Die Diener zweier Herren sind entlassen

Atomlager Schacht Konrad: Monika Griefahn hält TÜV-Gutachter für befangen  ■ Aus Hannover Jürgen Voges

Alles von vorn. Das Endlager für schwach- und mittelradioaktive Abfälle im Schacht Konrad wird in diesem Jahrtausend nicht mehr gebaut. Um mindestens „zwei oder drei Jahre“, schätzt Bruno Thomauske, Mitarbeiter des Bundesamtes für Strahlenschutz, dürfte sich das Genehmigungsverfahren verzögern. Schuld daran ist die Bundesbehörde selbst. Sie hat am 20. April 1994 mit dem TÜV Hannover/Sachsen Anhalt einen Vertrag abgeschlossen. Die technischen Gutachter sollten im Auftrag des Strahlenschutzamtes unter anderem „Vorprüfungen“ durchführen, damit die Lageranlagen in Salzgitter zügig in Betrieb genommen werden können. Auch Vertragsverhandlungen für die Überwachung des späteren Betriebs sind schon aufgenommen worden.

Dagegen wäre grundsätzlich nichts einzuwenden, findet selbst Monika Griefahn, Niedersachens Umweltministerin. Nur dient der TÜV damit zu vielen Herren auf einmal. Denn das Land hat ebenfalls den TÜV unter Vertrag genommen, und das schon seit 1983. Die selben Experten, die jetzt für den späteren Betreiber tätig sind, sollen auch der Behörde, die das Atomlager genehmigen muß, die nötigen Untersuchungen liefern. Ein Interessenkonflikt scheint der Ministerin unvermeidlich, die Beschäftigung der TÜV-Experten deshalb nicht mehr vertretbar, wie sie in einer Antwort auf eine parlamentarische Anfrage der Grünen im Landtag schreibt. Sie dürfen deshalb in dieser Sache nicht mehr für Niedersachsen tätig sein.

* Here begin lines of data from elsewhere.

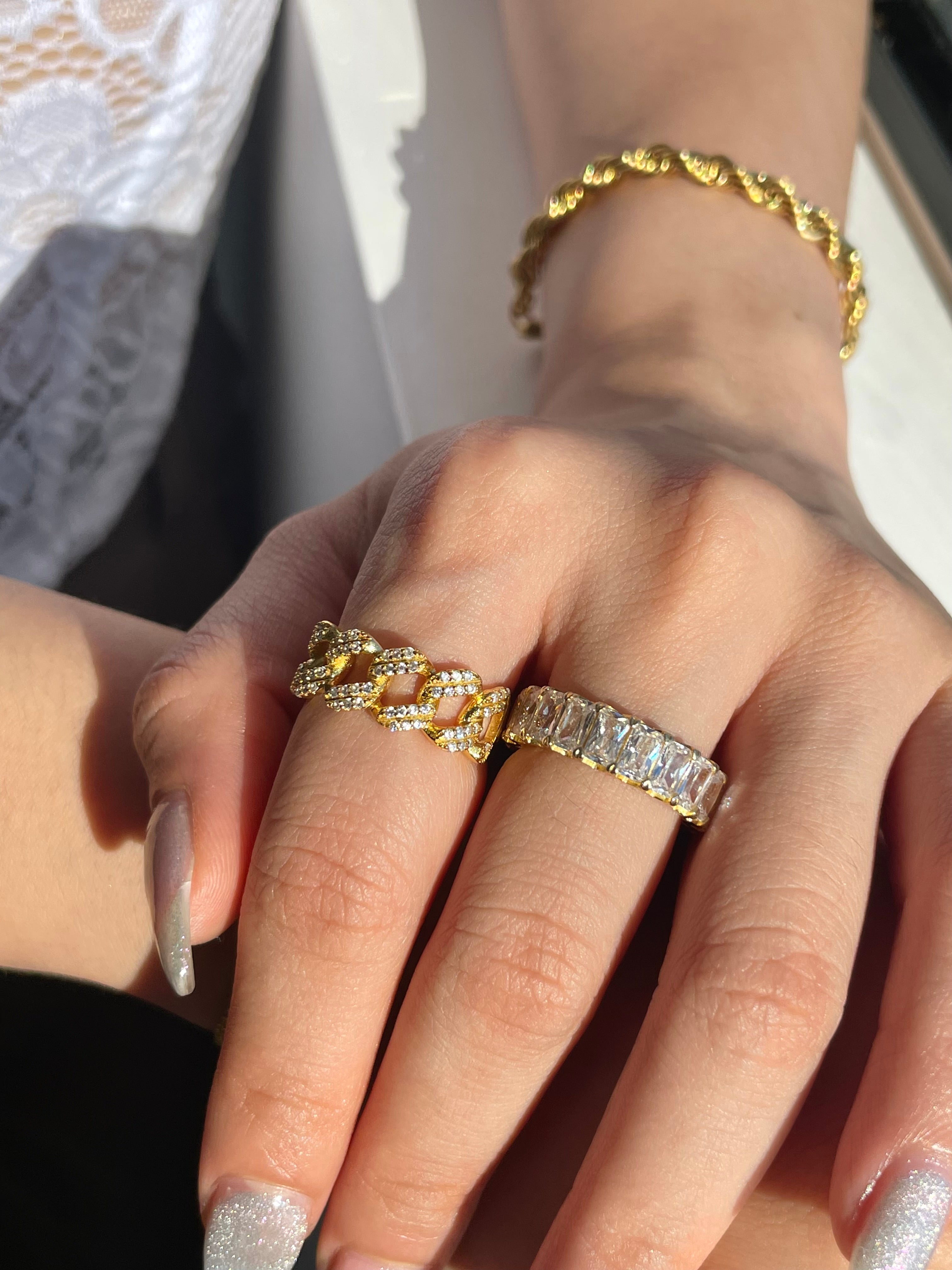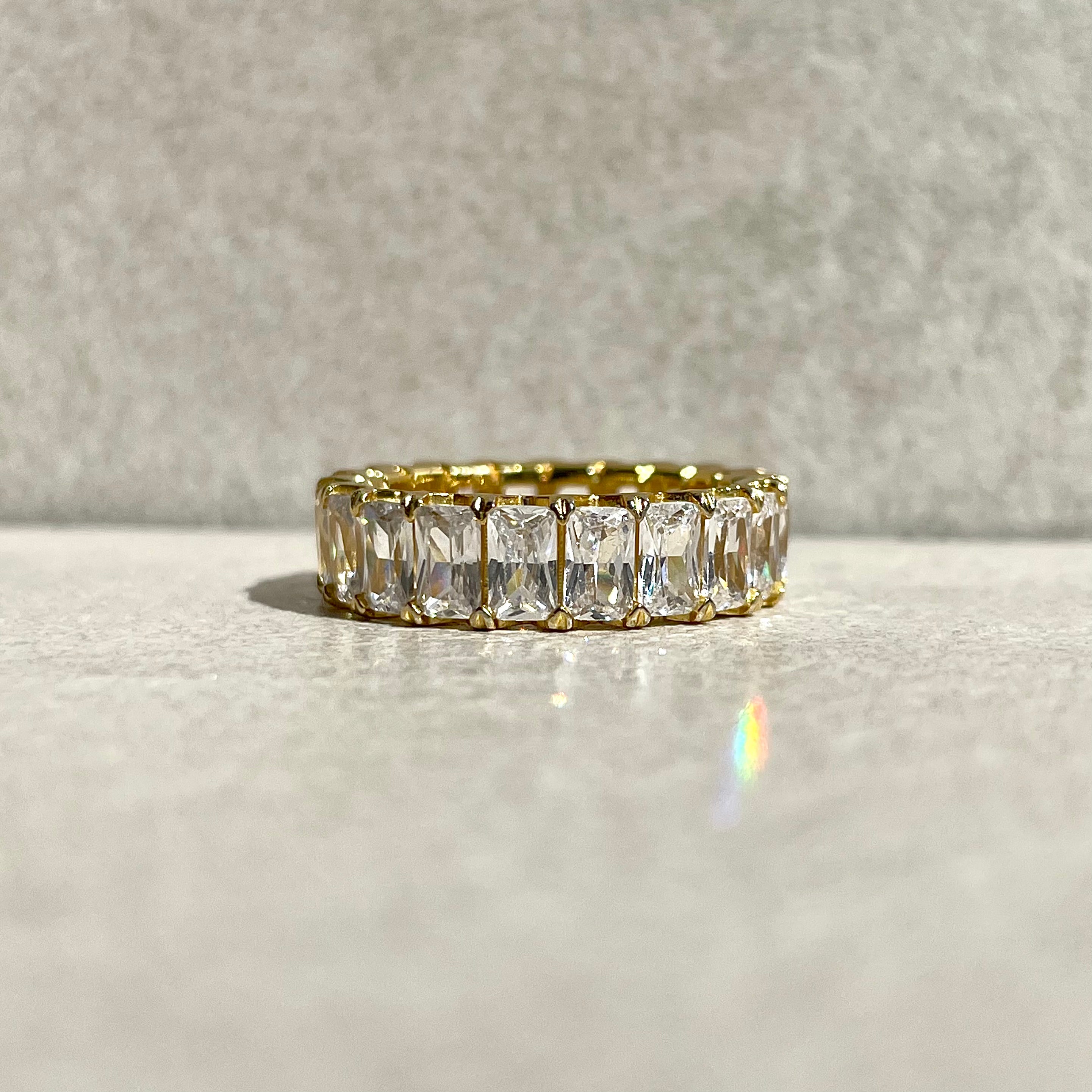 Introducing our Esmeralda Ring—a symbol of eternal elegance. This exquisite ring features a continuous band adorned with meticulously arranged baguette-cut gemstones, exuding a timeless allure that captivates with its sleek lines and understated sophistication. For a glamorous night out, add our Esmeralda hoops as the perfect set!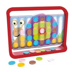 - Colour game – Insert the sheet behind the grid, and reproduce the pattern using the coloured tokens. To start again or to reproduce a new sheet, open the compartment at the bottom of the grid to make the tokens fall.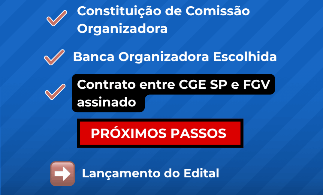 O contrato, com prazo de vigência de 12 meses, tem como objeto de contratação o recrutamento e seleção de pessoal para o concurso público e prevê a inscrição de pelo menos 20 mil candidatos para o preenchimento dos 200 cargos de Auditor Estadual de Controle autorizados pelo Governador Tarcísio de Freitas, em maio deste ano. O próximo passo é a divulgação do edital que terá o detalhamento de inscrições, data da prova e matérias avaliadas.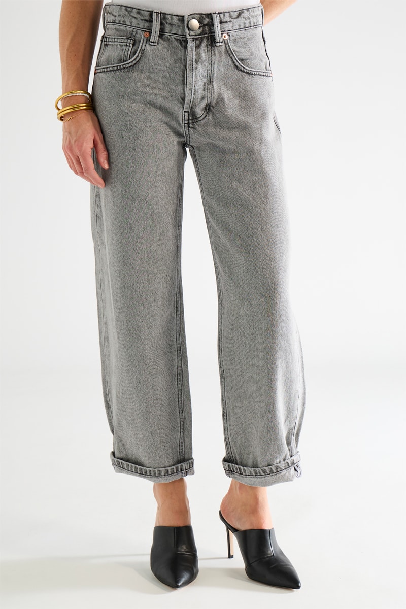 Jean en coton biologique taille haute - Gris clair - Raey
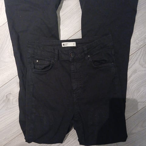 Jeans fra Gina Tricot x Nicki Studios i størrelse 38. Mørk grå farge med slitt look 😊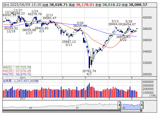 日経平均 <日足> 「株探」多機能チャートより日経平均ボラティリティー・インデックス(投資家が将来の市場変動の大きさをどう想定しているかを表した指数)は9日、前日比-0.78(低下率3.31%)の22.78と低下した。なお、高値は23.24、安値は22.57。先週末の米株式市場で主要指数が上昇した流れを受け、今日の東京市場は買いが先行し、日経225先物は上昇、日経VIは低下して始まった。市場では日米や米中の通商協議への期待感がある一方、警戒感も意識されているが、今日は取引開始後も日経225先物が堅調な推移となったことから、ボラティリティーの高まりを警戒するムードが緩和。日経VIは終日、先週末の水準を下回って推移した。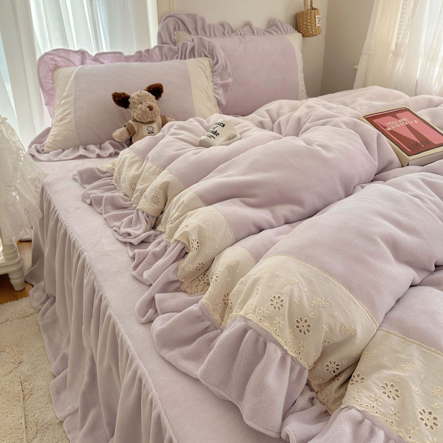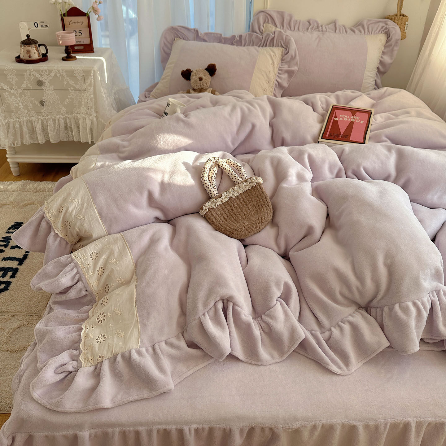 冬季浪漫法式花边牛奶绒床裙四件套公主风珊瑚绒加绒被套床单床笠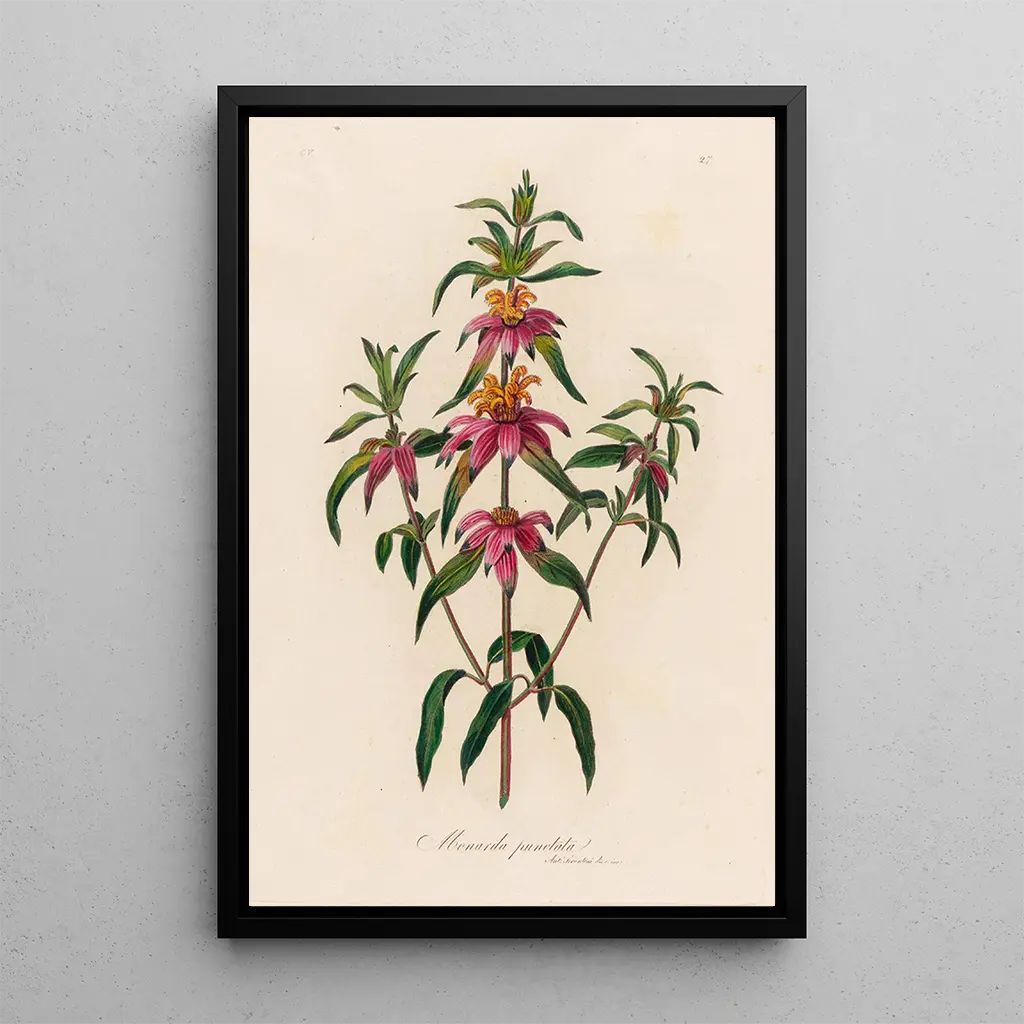 Monarda punctata : a dance of floral colors The art print of Monarda punctata, a work by Gaetano Savi, immerses us in a vibrant floral world. This canvas highlights the richness of hues, from shades of pink to bursts of yellow, creating a captivating visual harmony. Savi's technique, which combines botanical precision with artistic expression, allows us to feel the lightness of the petals and the vibrancy of the leaves. Every element of this composition seems to dance under the light, inviting the viewer to appreciate the fleeting beauty of nature. Gaetano Savi: an artist dedicated to botany Gaetano Savi, active in the 19th century, is renowned for his major role in botanical illustration. His passion for nature and his desire to depict it faithfully led him to create works that blend scientific rigor with artistic sensitivity. Influenced by the naturalist movement, Savi captured the diversity of plant species with meticulous attention. The art print of Monarda punctata perfectly illustrates his talent, demonstrating his commitment to documenting flora and his unique aesthetic. A decorative acquisition with multiple advantages Choosing the art print of Monarda punctata is to enrich your living space with a piece that exudes vitality. Whether in a living room, office, or bedroom, this artwork adds a touch of freshness and color. Its printing quality ensures remarkable fidelity to the details of the original work, while offering undeniable aesthetic appeal. This canvas is ideal for those who wish to create a joyful and inspiring atmosphere, while celebrating the beauty of nature through art.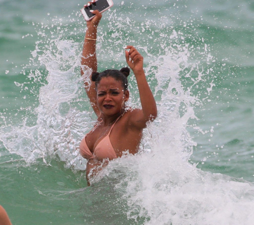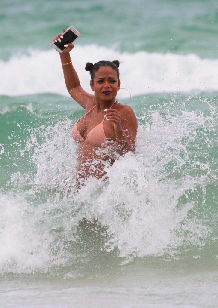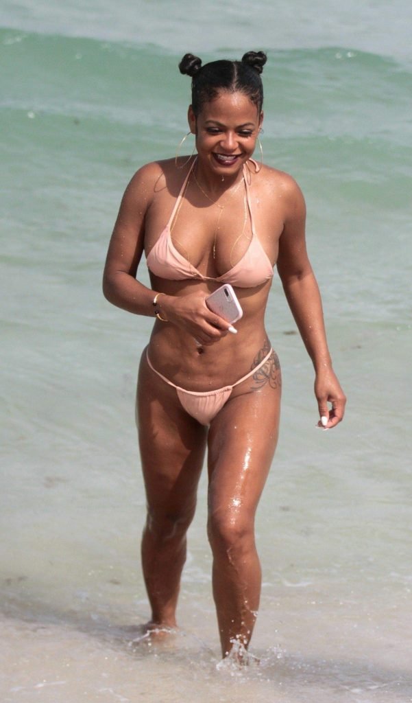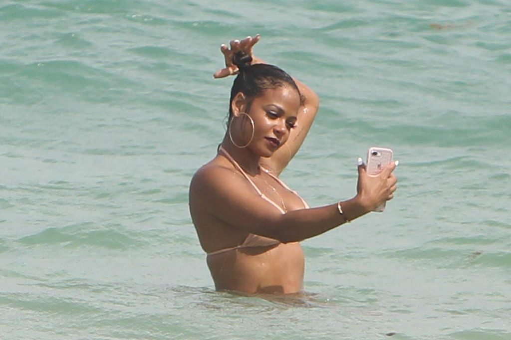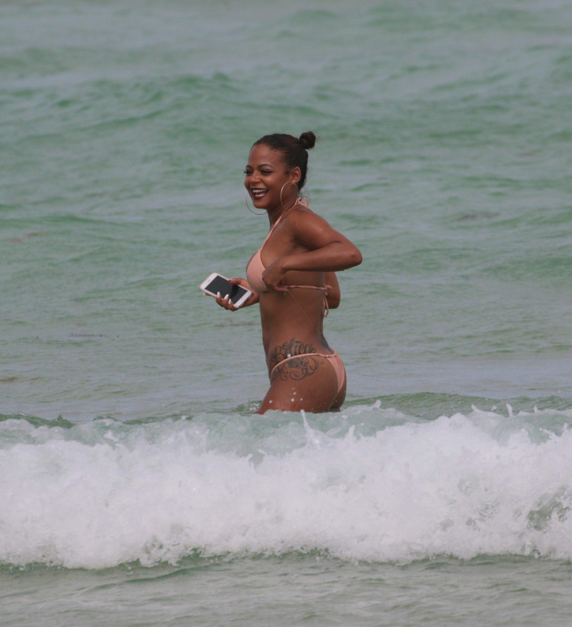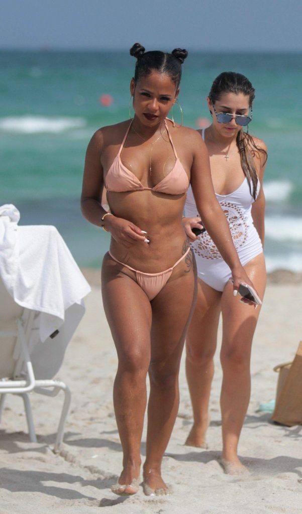 Christina Milian muestra su cuerpo en bikini en la playa de Miami, 20/08/2017. Christina Milian es una estrella estadounidense de R&B y actriz.

Der hannoversche TÜV hatte die Langzeitsicherheit des geplanten Endlagers zu beuerteilen. Er untersuchte aber auch die gesamte Technik der Anlage. Sein Gutachten für das Planfeststellungsverfahren lag dem Umweltministerium noch nicht einmal als Entwurf vor, als er mit dem Betreiber und Verfahrensgegner, dem Bundesamt für Strahlenschutz, seinen Vertrag abschloß – offenbar in der vorauseilenden Gewißheit, das Lager werde mit Hilfe derselben Experten genehmigt.

Ohne die technischen Gutachten kann das Land seine Rechtsaufsicht nicht wahrnehmen. Weil sie nicht vorliegen, muß sich jetzt ein neuer Gutachter in die Unterlagen einarbeiten. Bisher war mit einem Planfeststellungbeschluß noch für dieses Jahr gerechnet worden. Der Termin ist geplatzt, drei weitere Jahre Verzögerung hält auch Bruno Thomauske eher für die „untere Grenze“ – wenn denn so verfahren wird, wie das niedersächsische Umweltministerium es angeordnet hat. Eine Befangenheit des TÜV kann Thomauske nicht erkennen, schon deswegen nicht, meint er, weil seine Behörde als Organ des Bundes gar keine privaten Interessen verfolge. Diese Rechtsauffasung sei den Umweltministerien in Hannover und Bonn mitgeteilt worden. Das Bundesumweltministerium prüfe noch, ob es erneut im Wege der Bundesaufsicht verfahrenslenkend in das Genehmigungsverfahren für Schacht Konrad eingreifen müsse. Noch im vergangenen Herbst hatte Umweltministerin Merkel ein in ihrem Hause formulierten Planfeststellungsbescheid zurückgezogen. Denn das Risko, mit solchen Anweisungen in kommenden Gerichtsverfahren gegen Privatkläger zu scheitern, wird auch in Bonn als sehr hoch eingeschätzt.